Bir ramazan günü...

04/11/2022 Cuma Köşe yazarı A.U

Abdülkâdir-i Geylânî hazretlerini, bir ramazanda, yetmiş kişi iftâra çağırdı.

Hem de aynı günde.

Ve birbirlerinden habersiz.

Büyük velî, her birine;

“Peki, inşallah gelirim” dedi.

Hepsinin dâvetine gitti.

Ve kalplerini hoş etti.

Ertesi gün hâdise meydana çıktı.

Şöyle ki, o yetmiş kişinin herbiri;

"Hocamız dün iftârı bizim evde yaptı" diyorlardı.
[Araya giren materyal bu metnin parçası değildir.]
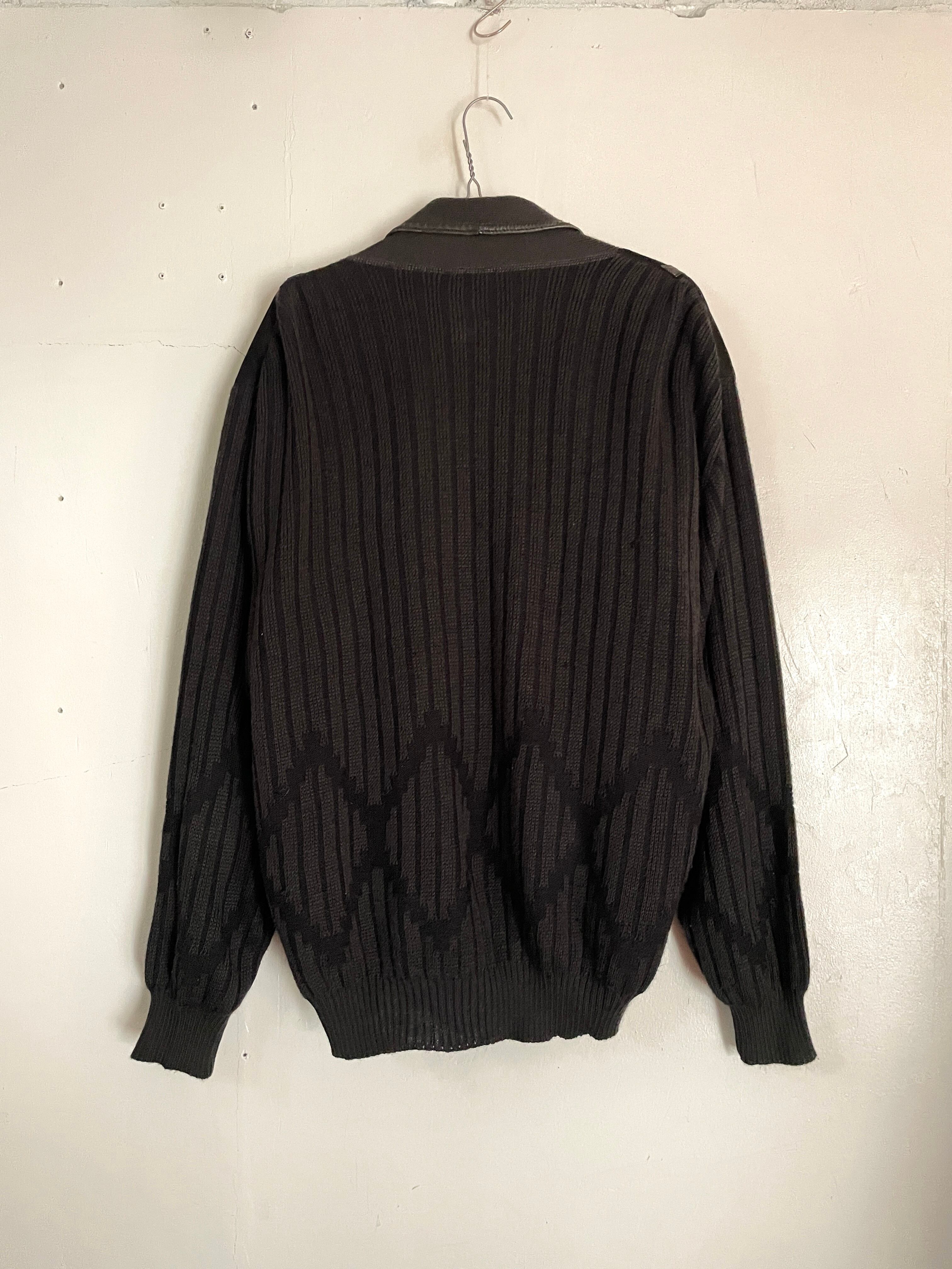 黒のニットをベースに、部分的にレザーが使われたデザインカーディガン。ショールカラーで綺麗めな雰囲気です。ニット部分もよく見ると、編みによって柄が部分的に入っています。前身頃には裏地が付いていて、片方にはポケット付き。全体的にゆったりとしたシルエット、イタリア製の1着です。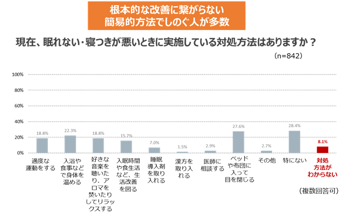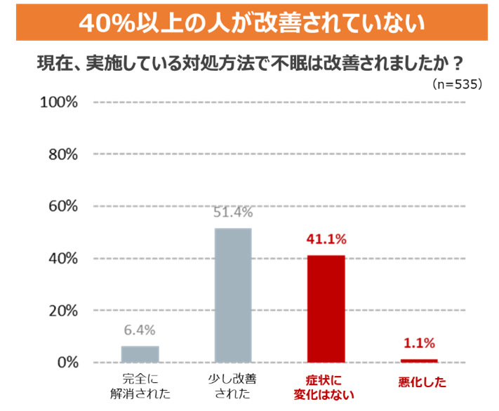 40%以上が「現在の対処方法で不眠は改善していない」と回答。より根本的な原因を探ることが重要に。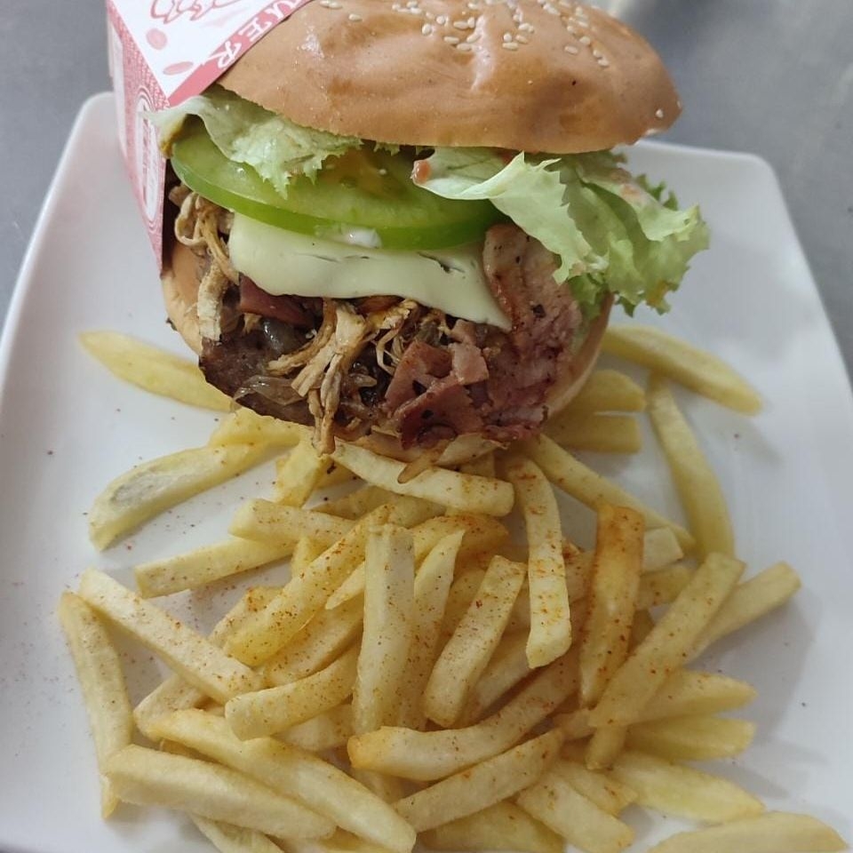 Pan, salsa, carne, tomate lechuga, cebolla grille, queso y adicional pollo tocineta.
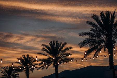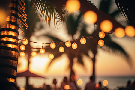 Sunset background of coconut palm trees with bokeh styled yellow string lights in an outdoor restaurant. Generative AI

Bunlardan ikisi karşılaştılar.

Bir tânesi çok sevinçliydi.

Öbür kimseye;

“Biliyor musun, Geylânî hazretleri dün iftârda bize teşrîf etti” diyerek sevincini bildirdi.

Öbürü şaşırdı:

Ve dedi ki:

“Nasıl olur, dün iftârda bizdeydi.”

“Hayır, bizdeydi.”

Velhâsıl akıl erdiremediler bu işe.

En nihâyet hizmetçisine gittiler.

Ve sordular ki:

“Hocamız, dün iftârı nerede yaptı?”

Hizmetçi

“Burada yaptı” dedi.

“Bir yere gitmedi mi?”

“Hayır, burada birlikte iftâr ettik.”

● ● ●

Bu büyük velîye bâzı gençler;

“Efendim, Ehl-i sünnet bir Müslüman, Cehenneme girecek mi?” diye sordular.

Cevâbında;

“Eğer günahları çok ve bunlar tövbe ve istiğfâr ile veyâ şefaat ile affolunmadı ise, bu günahları kadar Cehennemde yanması câizdir” buyurdu.